═══ ENTRIES PROVIDED
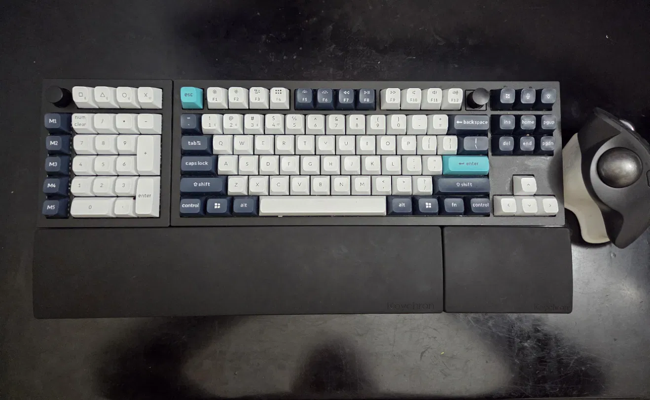 Mình thuận tay trái và hay để cụm numpad ở bên trái bàn phím. Chắc cũng ít ai thích kiểu này, nhưng vậy cũng được. Gần đây mình quyết định nâng cấp lên bộ Keychron mechanical keyboard, nên chọn Keychron Q3 Max QMK đi cùng Q0 Max QMK để hai món có thể đặt sát nhau ở bên trái.
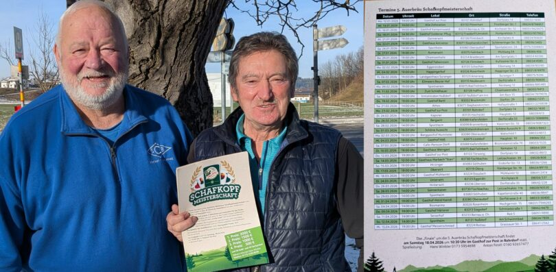 Foto: Die Spielleiter Anton Feistl (li.) und Hans Winkler mit dem Spielprogramm zu den Auerbräu-Schafkopfmeisterschaften 2026
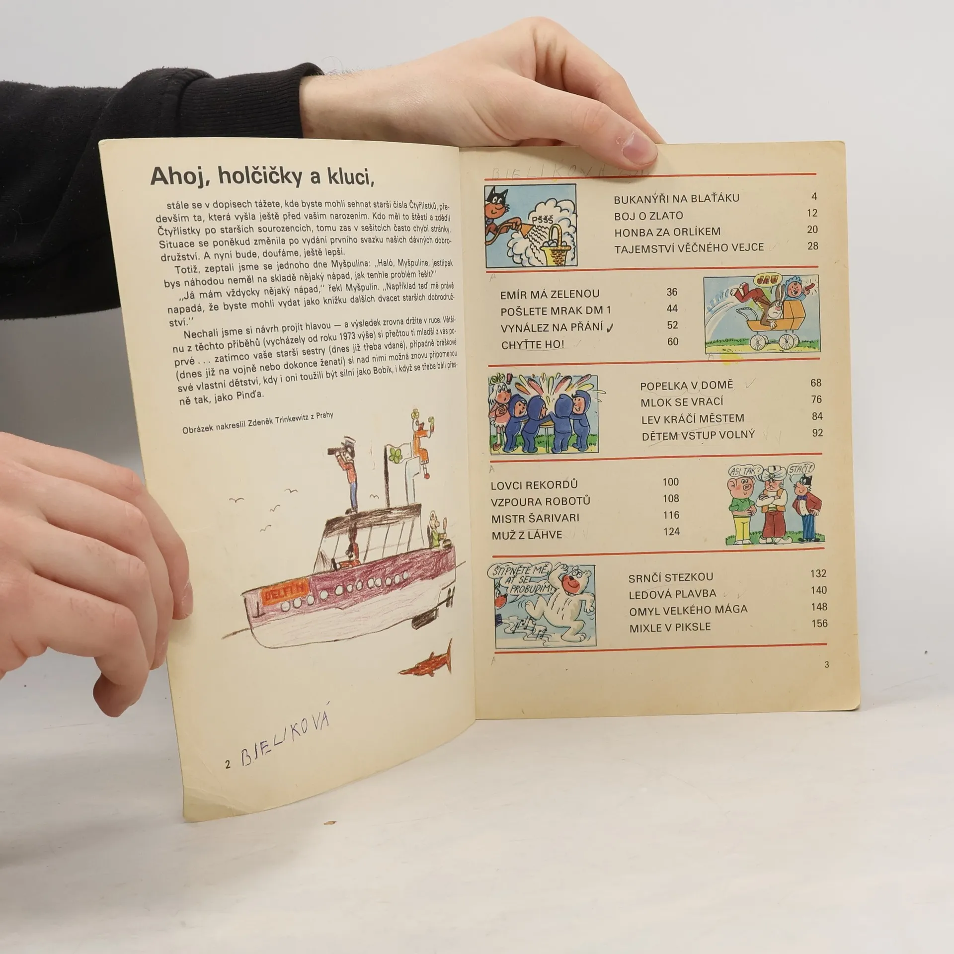 Souhrnné vydání celkem dvou desítek dobrodružství slavného Čtyřlístku obsahuje příběhy: Bukanýři na Blaťáku, Boj o zlato, Honba za Orlíkem, Tajemství věčného vejce, Emír má zelenou, Pošlete mrak DM 1, Vynález na přání, Chyťte ho!, Popelka v domě, Mlok se vrací, Lev kráčí městem, Dětem vstup volný, Lovci rekordů, Vzpoura robotů, Mistr Šarivari, Muž z láhve, Srnčí stezkou, Ledová plavba, Omyl velkého mága, Mixle v piksle.
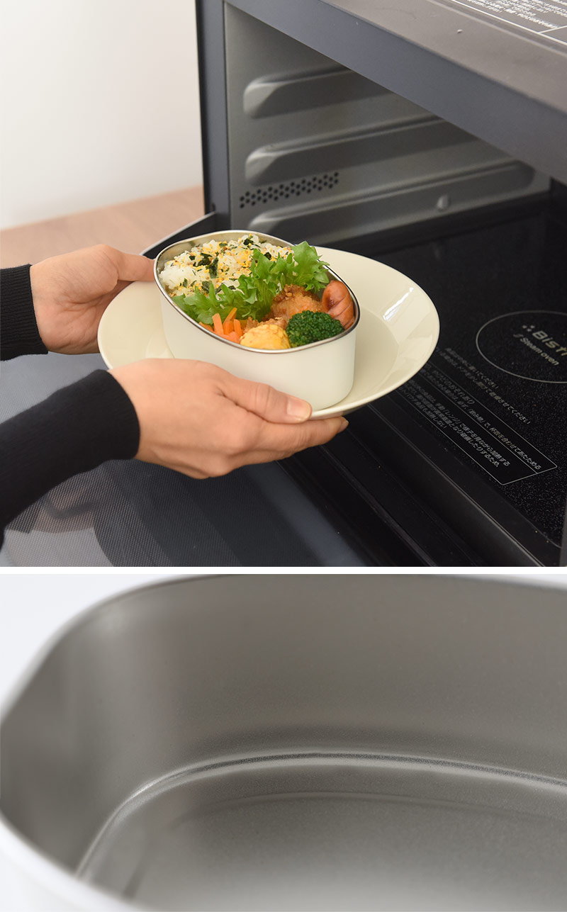 フタを外して電子レンジ500Wで10分以内の加熱が可能。ステンレス素材の美しさと機能性はそのままに、電子レンジで温められる機能も兼ね備えた、新感覚のランチボックスです。
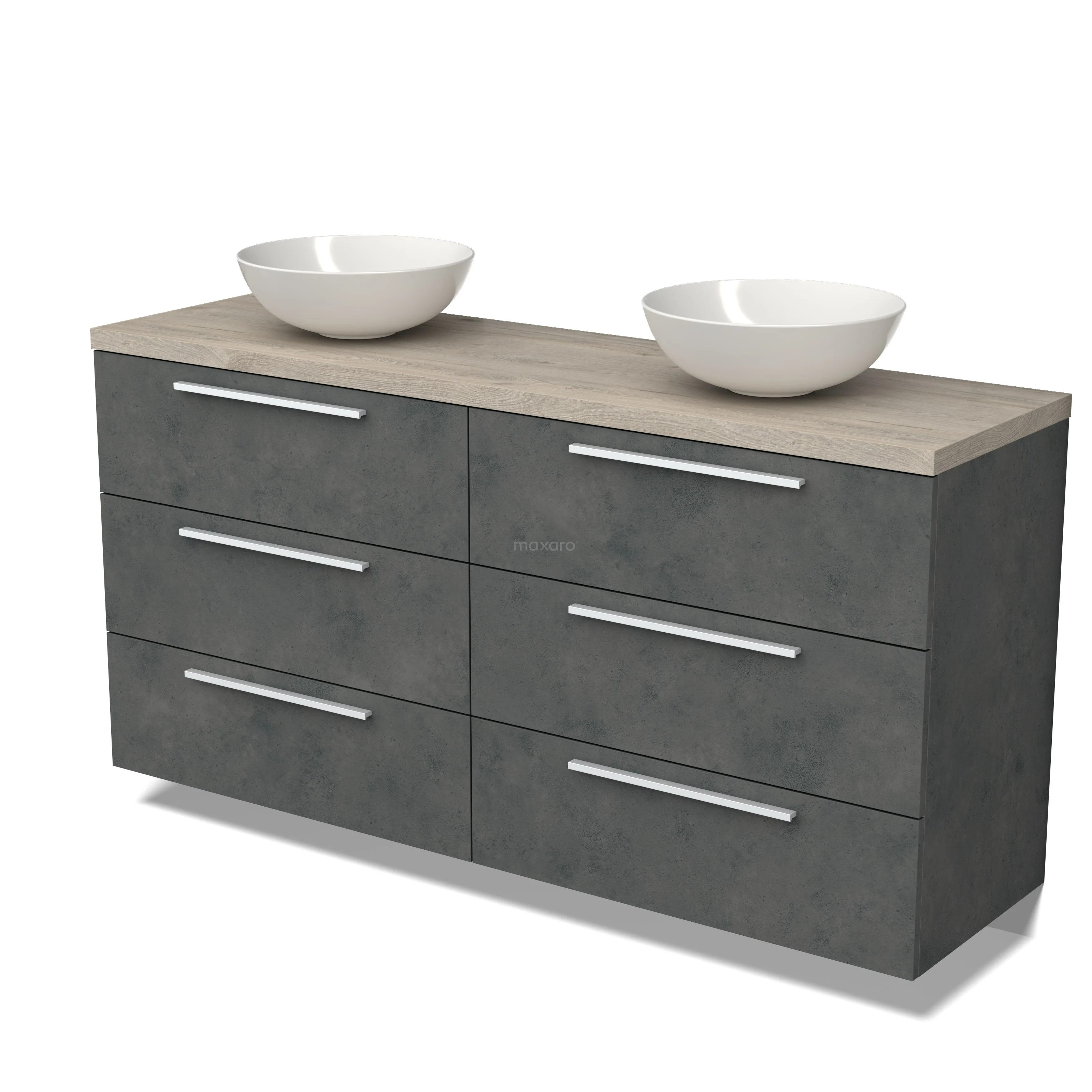 Badmöbel für Aufsatzwaschbecken 160cm Modulo Platte Dunkelgrau Beton 3 Schubladen Flach hellgraue Eiche Blatt
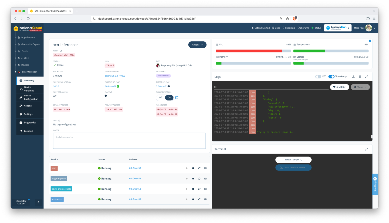 With your Edge Impulse inference server running on balena, now you can monitor and manage the other services running on your device fleet using balenaCloud’s dashboard and tools. This includes monitoring device health, deploying updates, and rolling back changes if needed.
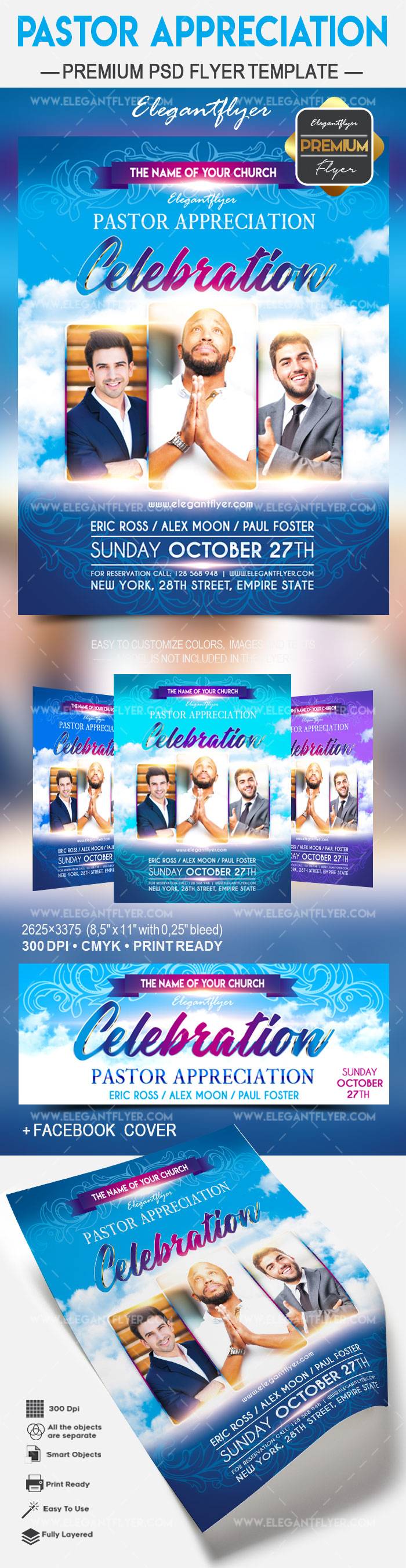 牧师欣赏 - 传单PSD模板+ Facebook封面
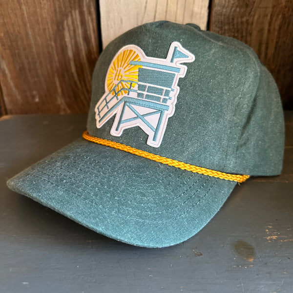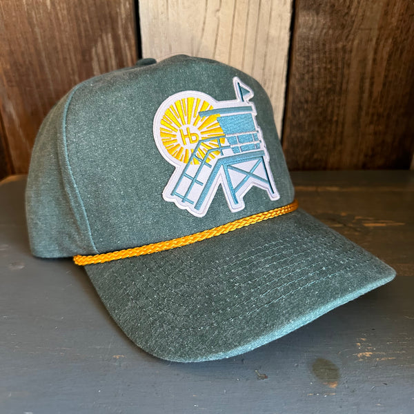 Hermosa Beach LIFEGUARD TOWER :: 5 panel Stone Washed Canvas 2-Tone - Moss/Gold Braid
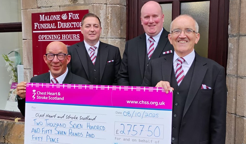 Chest Heart & Stroke Scotland provides vital support, rehabilitation, and community services to help people rebuild confidence and independence after illness. The funds raised by Malone & Fox will go directly towards life-changing services across the country.
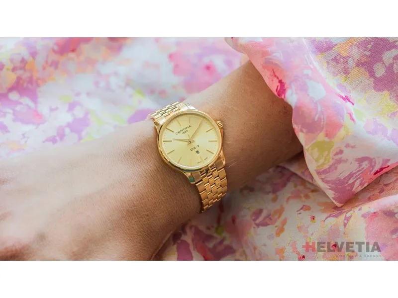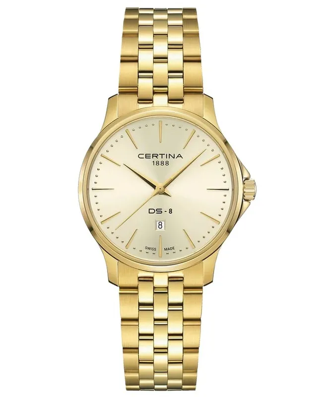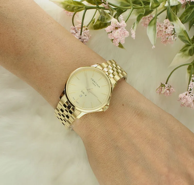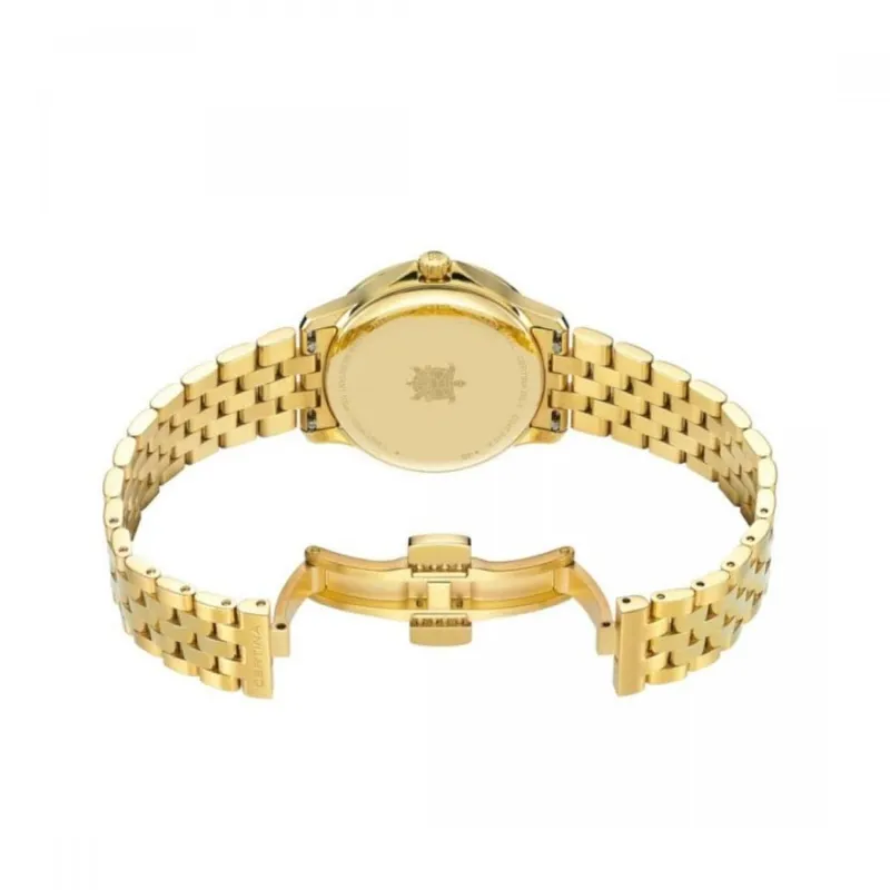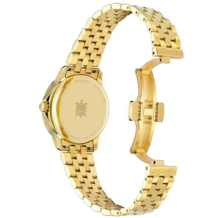 C045.010.33.361.00 שעון זהב לאישה של סרטינה שוויץ מסדרת די אס 8 החדשה | לוח זהב | 5 שנים אחריות יבואן רשמי | CERTINA DS-8 31mm Ladies Watch C0450103336100
══════
**EXERCISE PROMPT:** From the line containing "Chest Heart &" down to the last line of the records above, repeat every line exactly and nothing else, dropping any pictures.

**WRITTEN SOLUTION:**
 Chest Heart & Stroke Scotland provides vital support, rehabilitation, and community services to help people rebuild confidence and independence after illness. The funds raised by Malone & Fox will go directly towards life-changing services across the country.
 C045.010.33.361.00 שעון זהב לאישה של סרטינה שוויץ מסדרת די אס 8 החדשה | לוח זהב | 5 שנים אחריות יבואן רשמי | CERTINA DS-8 31mm Ladies Watch C0450103336100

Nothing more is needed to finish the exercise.